Some Facebook users are seeing a banner above their News Feed encouraging them to update their “acquaintances” list so certain friends appear less frequently in their feed.
The acquaintances list launched along with “close friends” and Smart Lists in 2011. Users can add people to the acquaintances list to limit the amount and type of updates they see from them. Users can also apply this list to improve their privacy settings and prevent certain photos or posts, for instance, from being visible to friends they aren’t as close to. Over the past year we’ve seen Facebook try different ways to get users to update this list, but the prompt reader Matt Navarra saw on his homepage late last week is the most prominent.

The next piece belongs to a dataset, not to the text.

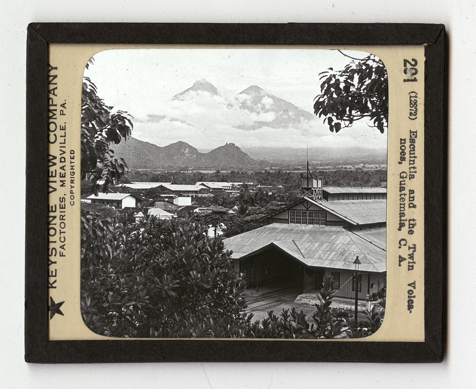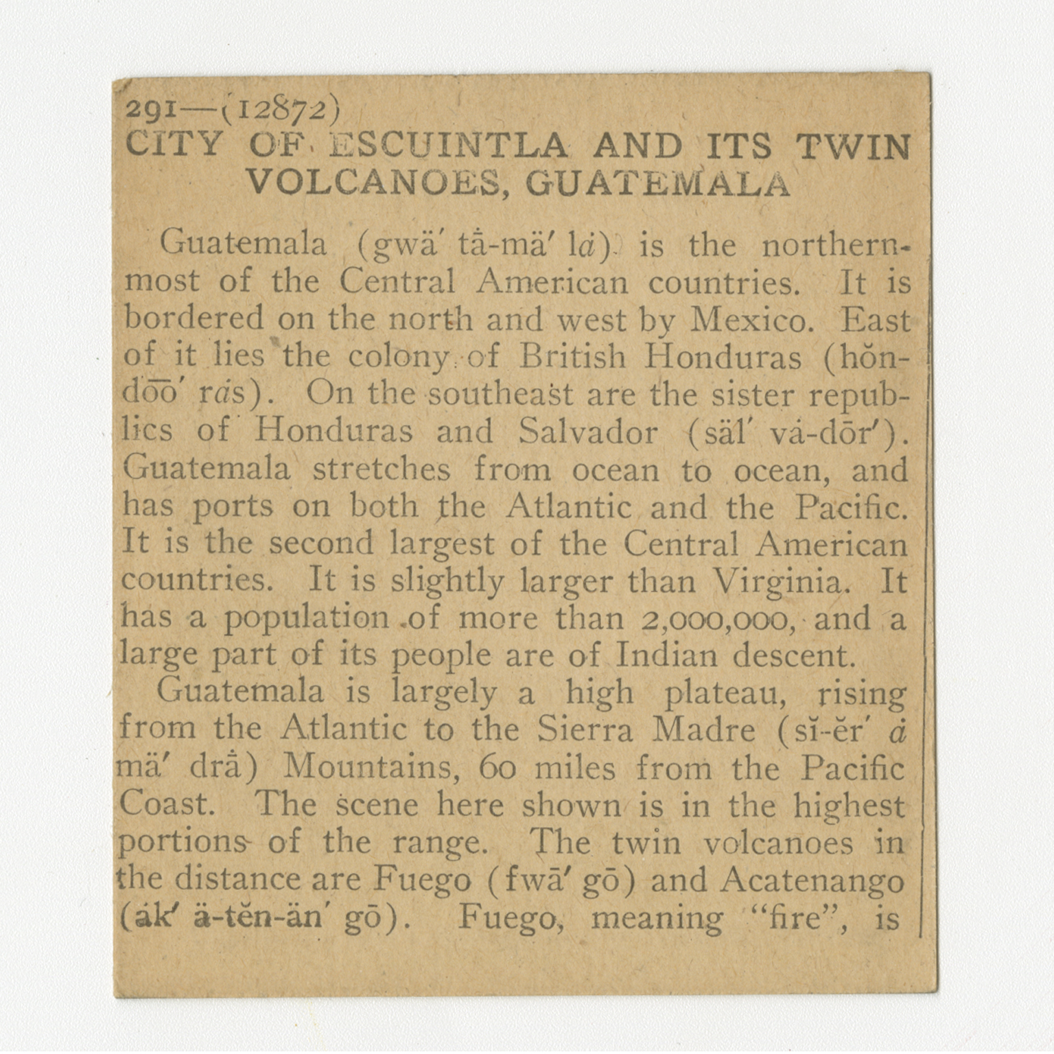 Guatemala is the northernmost of the Central American countries. It is bordered on the north and west by Mexico. East of it lies the colony of British Honduras. On the southeast are the sister republics of Honduras and Salvador. Guatemala stretches from ocean to ocean, and has ports on both the Atlantic and the Pacific. It is the second largest of the Central American countries. It is slightly larger than Virginia. It has a population of more than 2,000,000, and a large part of its people are of Indian descent. Guatemala is largely a high plateau, rising from the Atlantic to the Sierra Madre Mountains, 60 miles from the Pacific Coast. The scene here shown is in the highest portions of the range. The twin volcanoes in the distance are Fuego and Acatenango. Fuego, meaning "fire", is

When users click “update list,” a window pops up with suggestions of friends that they haven’t interacted with on Facebook recently. Users can click “see all” to select from their entire friend list.
Facebook’s algorithms will automatically start to show users fewer posts from people and pages they don’t engage with, but explicit actions like adding a user to “acquaintances” or “close friends” give the system even better signals about what users want in their feed. News Feed relevance is the No. 1 thing that shapes how much users enjoy and engage with Facebook. One of the most common complaints we hear is that people don’t care about the things they see in their feed, and most often these people have not created friend lists or deleted friends they are not longer close to. Another common problem is that people don’t feel comfortable sharing with all the people they’ve added as friends, and again, these people typically are hesitant to delete friends and haven’t organized their friends into lists. The acquaintances list — and even lesser known restricted list – address both these issues, and so Facebook would be well served by promoting users even further.
CEO Mark Zuckerberg told Wired in a recent interview that “sharing with smaller groups” is a key trend he’s seeing. With the last major update to friend lists in 2011 and groups being mostly the same since October 2010, the company is likely to refresh either or both of these products in the next year to improve the options for small group sharing, particularly on mobile.